In this image from television aboard the International Space Station, the crew, from left, Nikolai Budarin, Ken Bowersox, Don Pettit, Ed Lu and Yuri Malenchenko speak to officials about their arrival at the station on Monday, April 28, 2003. AP/NASA TV

The three residents of the international space station welcomed two newcomers who floated aboard Monday, the start of a five-day hand-over fraught with new challenges in the wake of the Columbia shuttle disaster.

U.S. astronauts Kenneth Bowersox and Donald Pettit and Russian cosmonaut Nikolai Budarin welcomed American Edward Lu and Russian Yuri Malenchenko aboard the space station after their Soyuz TMA-2 capsule docked.

The crew is showing show Lu and Malenchenko around the station - much changed since the two were there in 2000 - and update their own knowledge of the Russian Soyuz, which they will use to return to Earth on Saturday.

Originally, they were to return in the Atlantis, but the U.S. shuttle fleet has been grounded since the Columbia disintegrated during re-entry on Feb. 1, killing all seven people aboard.
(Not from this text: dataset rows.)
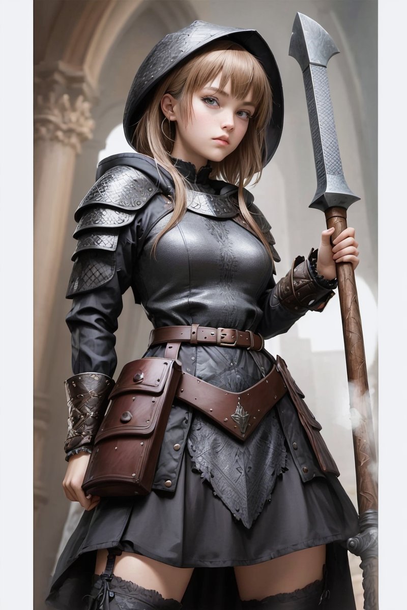 武器を持っている、斧を持っている、バトルアックス、斧の長い柄を持っている、戦闘姿勢、
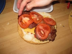 Na meso dodajte še pripravljen paradižnik in nato nanj še drugo polovico kruha. |
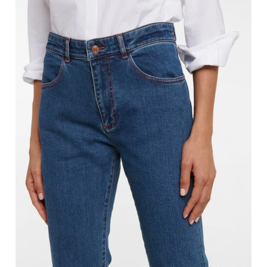 These mid-rise flared jeans from See by Chloé are the ideal wardrobe staple for dressing up or down. They’re cropped at the calves and feature a red top-stitching.
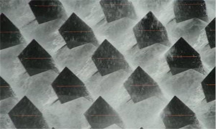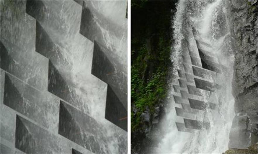 Gongora把鋼鐵三角形安裝在8米高的鉆石結(jié)構(gòu)中,其尖狀結(jié)構(gòu)與落水融合,轉(zhuǎn)移周圍的急流。Gongora設(shè)計(jì)了一些固定框架的幾何體,防止流水沖垮。有人認(rèn)為藝術(shù)家設(shè)計(jì)的三角架是用來保持平衡的,緊緊的穩(wěn)固框架但依然受大自然母親的鐘愛。藝術(shù)作品的名字,Les Cascadeurs翻譯成了“特技演員”,也與法國的單詞“瀑布”有關(guān)。鋼鐵尖被染成黑色,這樣會與當(dāng)?shù)厥^相符合,固定在水下面的鋼鐵底座上。每個(gè)尖頭下面的水平堤壩是為膽大的野生物提供的避身所。每個(gè)屋頂下面有一個(gè)小型的木質(zhì)休息所,為“特技小鳥”來此處休息做準(zhǔn)備。Gongora和兩個(gè)爬山者一起工作了三天,在該位置頂端的石頭和樹上用六條鐵索懸掛這個(gè)結(jié)構(gòu)。該作品是為一年一度的Horizons Sancy藝術(shù)節(jié)和2012年的自然節(jié)建設(shè)的。
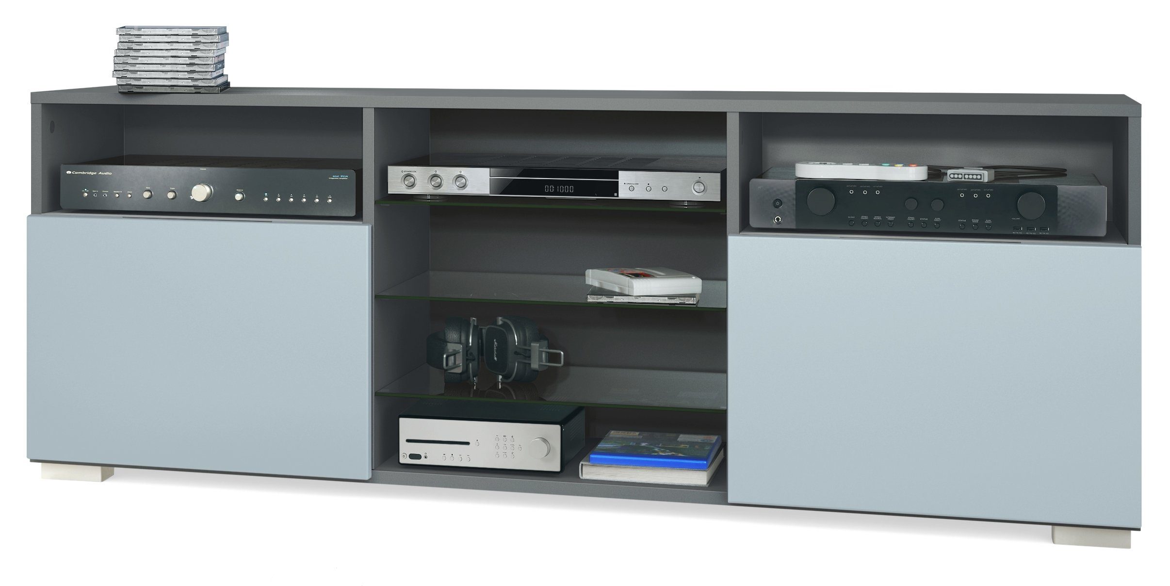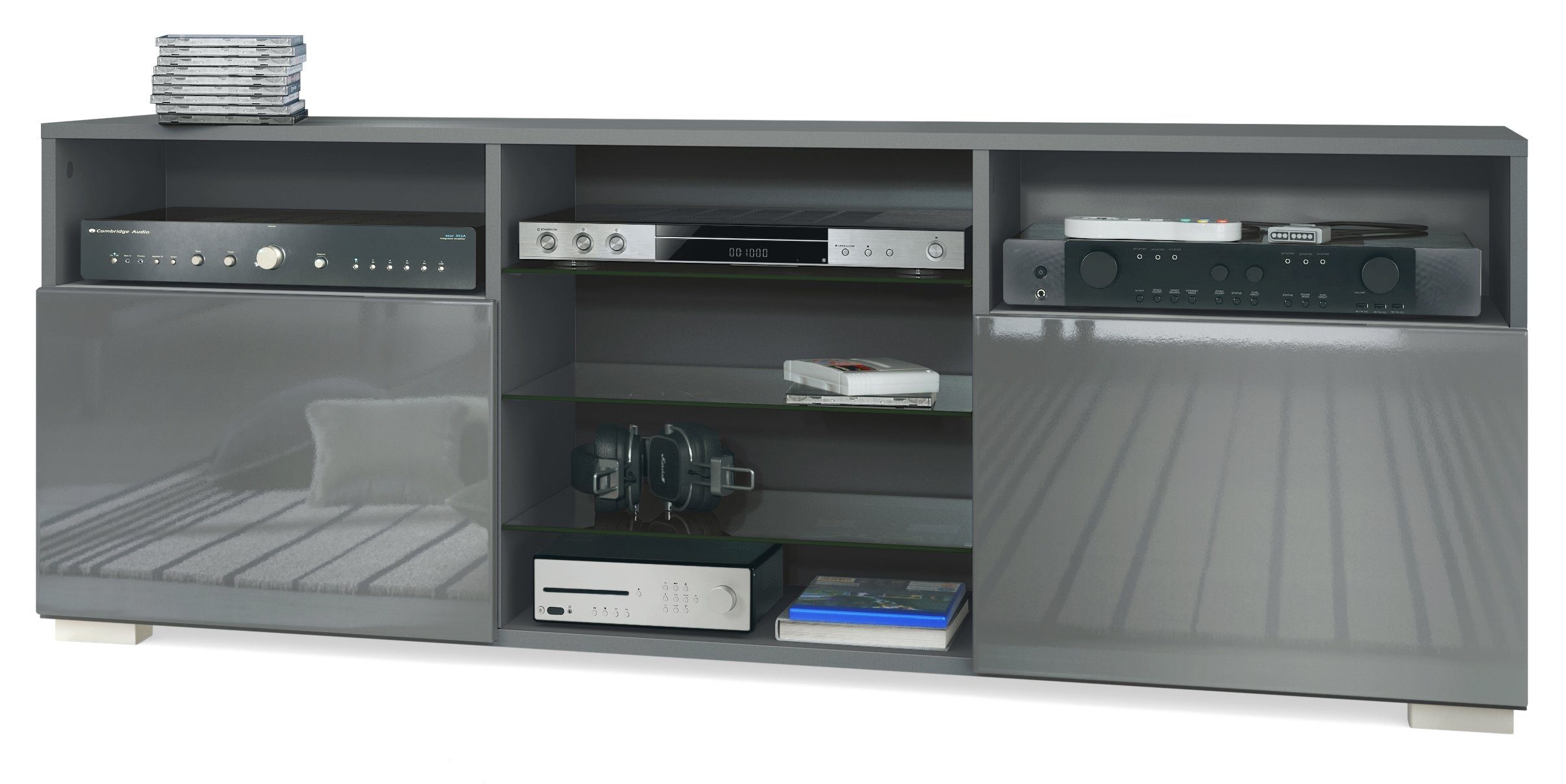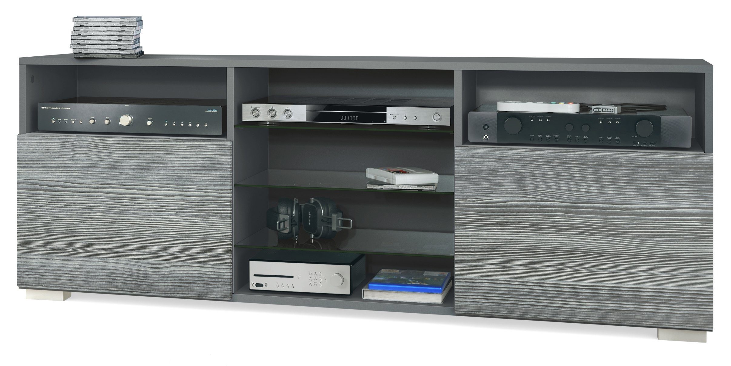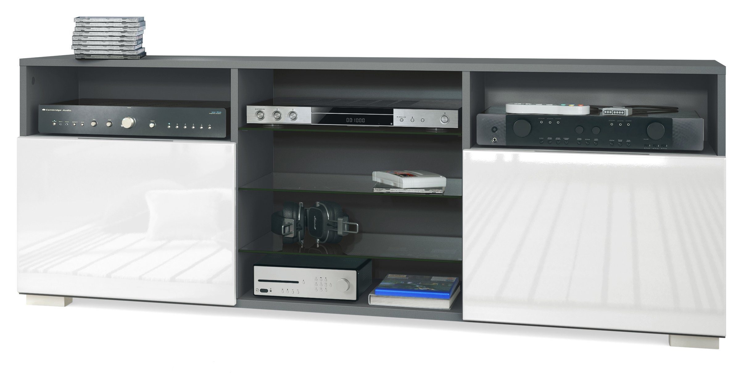 Entdecken Sie das elegante Granada TV-Board in der stilvollen Korpusfarbe Anthrazit matt. Mit seinen vielseitigen Eigenschaften bietet es nicht nur eine moderne und ansprechende Optik, sondern auch reichlich Stauraum für Ihre Unterhaltungselektronik und Wohnaccessoires.
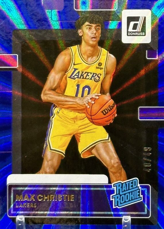 This card is 1 of 20 Max Christie's card variations in the 2022 Donruss set being tracked by Sports Card Investor, including Base, Press Proof Purple /199, Holo Laser /149, Choice Red /99, and Holo Purple Laser /99.
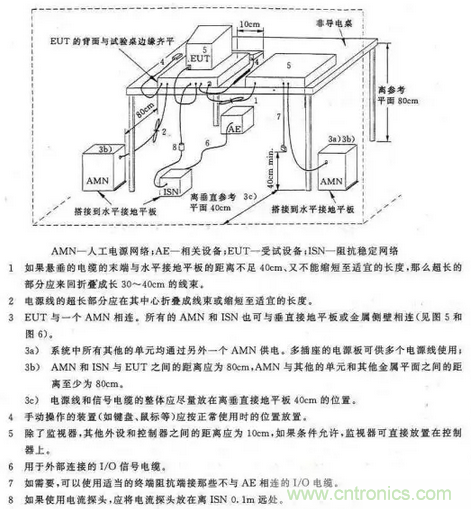 僅是EUT發(fā)射的,不會有電網的騷擾混入。另一作用是為測量提供一個穩(wěn)定的阻抗,因為電網的阻抗是不確定的,阻抗不一樣EUT的騷擾電壓值也不相同,所以要規(guī)定一個統一的阻抗,通常為50Ω。AMN實際上是個雙向低通濾波器,電網中的騷擾由50μH和1.0μF的濾波器濾掉,不能進人騷擾測量儀,而EUT發(fā)射的騷擾由于50μH濾波器的阻擋不能進人電網,只能通過0.1μF電容進入騷擾測量儀。測量儀的輸入阻抗是50Ω,所以EUT騷擾的負載阻抗約等于50Ω。對于50Hz的工頻電源,仍然可以通過AMN向EUT供電。圖15中的AMN僅是一種基本結構,由基本結構可以組成V型AMN,用于測量電源中相線—地線和零線—地線的不對稱騷擾電壓,見圖16。也可組成Δ型AMN,除了測量線-地間的不對稱騷擾電壓外還可以測量相線—零線間的對稱騷擾電壓,見圖17。測量時EUT和AMN的布置、連接線的長度和走向等都應按標準規(guī)定的要求進行。AMN外殼要良好接地,否則將影響電網和EUT之間的隔離。圖18為臺式設備的傳導騷擾測量布置圖。
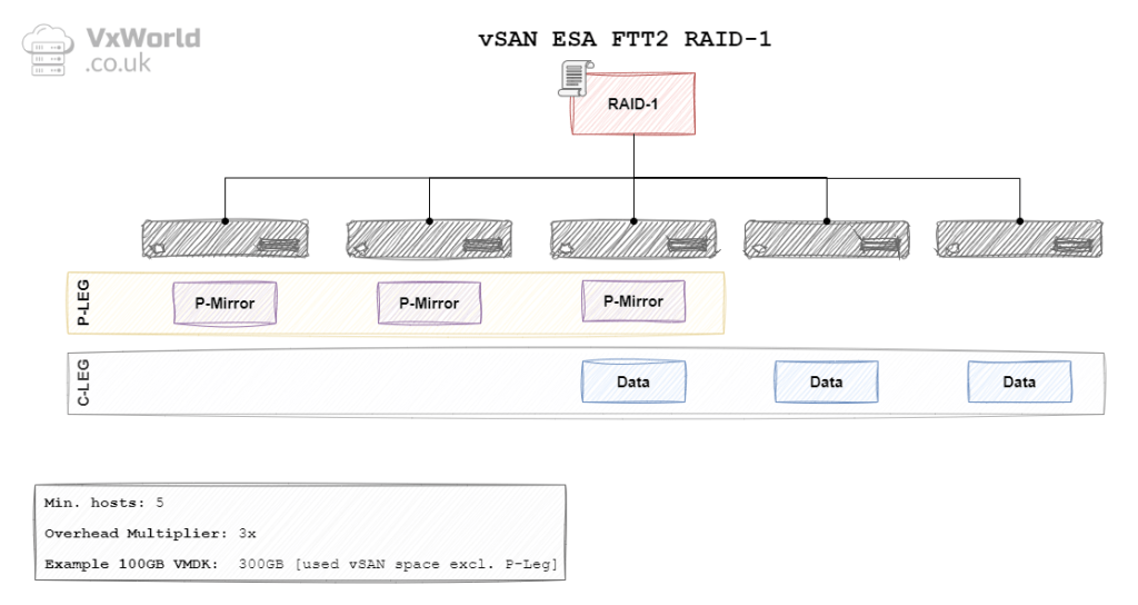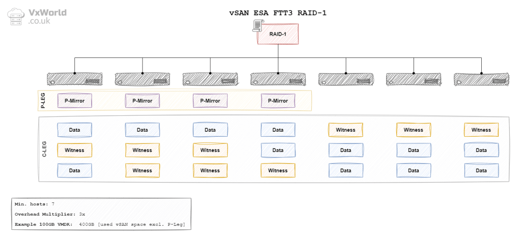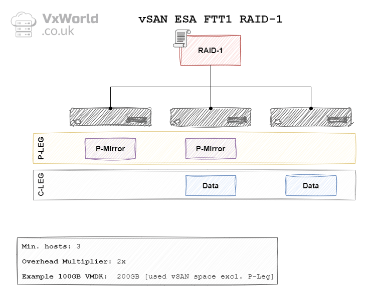 In the context of vSAN, the data is mirrored between hosts (fault domains). For a FTT of 1, the data will be mirrored across two hosts – requiring a minimum of three hosts. With a FTT of 2, the data will be mirrored across three hosts – requiring a minimum of five hosts. With a FTT of 3, data will be mirrored across fours hosts – requiring a minimum of seven hosts. The diagrams later in this post will depict the other components RAID 1 needs. It includes witness components in the case of OSA. In the case of ESA, it used the Performance leg in place of the witness components.

At Mission Control outside Moscow, relatives and flight controllers applauded when the Soyuz docked with the station, about 250 miles above the Earth.

"I am just so happy and proud to see everything work out so well," said Lu's mother, Snowlily.

His fiancee, Christine Romero, also was among those watching the docking.

"Everyone is proud - not just for what Ed is doing, but for NASA and the international space station and for the space program as a whole, especially after the Columbia," she said.

All five men crowded together for a videolink with Mission Control. They grinned as NASA and Russian space officials congratulated them.

"We're very, very proud today at the work of our international team," Bowersox said.

Malenchenko said the outpost has grown since he was there.

"It has become so big and beautiful," he said. "We are very glad to be here, very glad to see our friends."

He and Lu blasted off Saturday from Russia's Baikonur cosmodrome in Kazakhstan on their way to the $60 billion station.

Frederick Gregory, deputy administrator of NASA, said the international space station partnership has demonstrated its ability to overcome "any obstacle on this road to the future."

As the investigation into the Columbia disaster continues, it is not clear when shuttle flights will resume.

The Russian Soyuz became the only ship capable of carrying crews to and from the space outpost, giving it a vital role in keeping the station manned. The Soyuz trip was put together in record time.

Maintaining a manned presence on the space station and keeping it in good condition is vital until shuttle flights resume, at which point work on building and developing the station can continue, Gregory said.

Saturday's flight to Earth will be the first time U.S. astronauts have returned in a Soyuz. Bowersox, Pettit and Budarin are familiar with the technology, since a Soyuz is always kept at the station as a lifeboat.

The three returning crew members will be taking back an older Soyuz already docked at the station, while the one that carried Lu and Malenchenko will stay there in case they need to quickly evacuate. The two are to remain at the station until October.

The crews will also try to fit some birthday celebrations into the five days they're spending together. Pettit turned 48 on April 20, and Budarin turns 50 on Tuesday. Lu and Malenchenko brought gifts.